Task to carry out:
Could you transcribe all of the data exactly and skip any pictures?

Recorded information:
++++++++++++++++++++
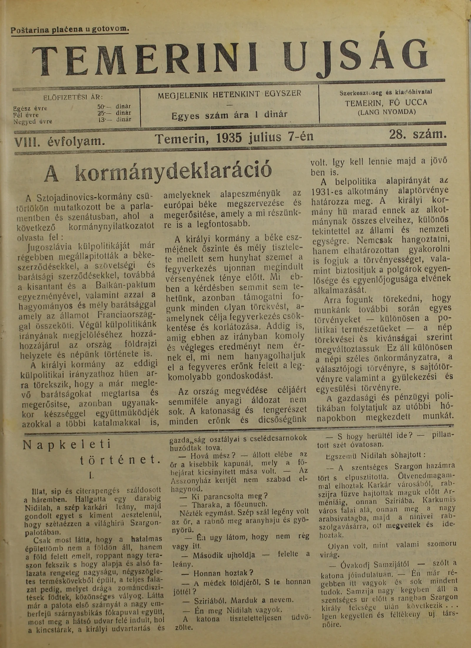 Temerini Újság 1928-1944, 8. évf. 1935. július 7. 28. sz.
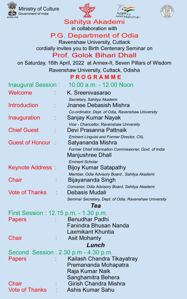 Sahitya Akademi in collaboration with Utkal Sahitya Samaj organises following programmes on 11 December 2022 at Sriramchandra Bhawan, Cuttack:
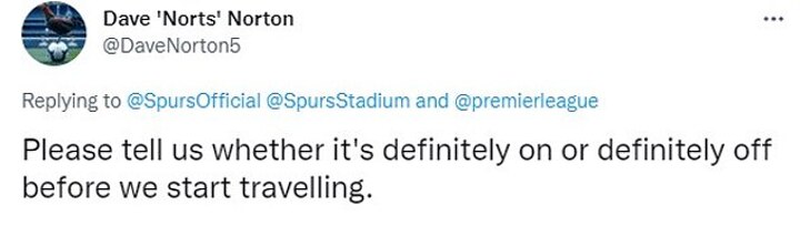 One fan, clearly set to depart to the stadium shortly, wrote: 'Please tell us whether it's definitely on or definitely off before we start travelling.'
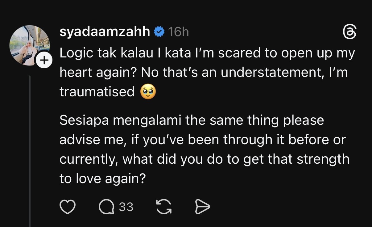 - Syada Amzah berkongsi rasa trauma dan takut untuk membuka hati serta bercinta semula di platform Threads.
++++++++++++++++++++
Task answer:
 Temerini Újság 1928-1944, 8. évf. 1935. július 7. 28. sz.
 Sahitya Akademi in collaboration with Utkal Sahitya Samaj organises following programmes on 11 December 2022 at Sriramchandra Bhawan, Cuttack:
 One fan, clearly set to depart to the stadium shortly, wrote: 'Please tell us whether it's definitely on or definitely off before we start travelling.'
 - Syada Amzah berkongsi rasa trauma dan takut untuk membuka hati serta bercinta semula di platform Threads.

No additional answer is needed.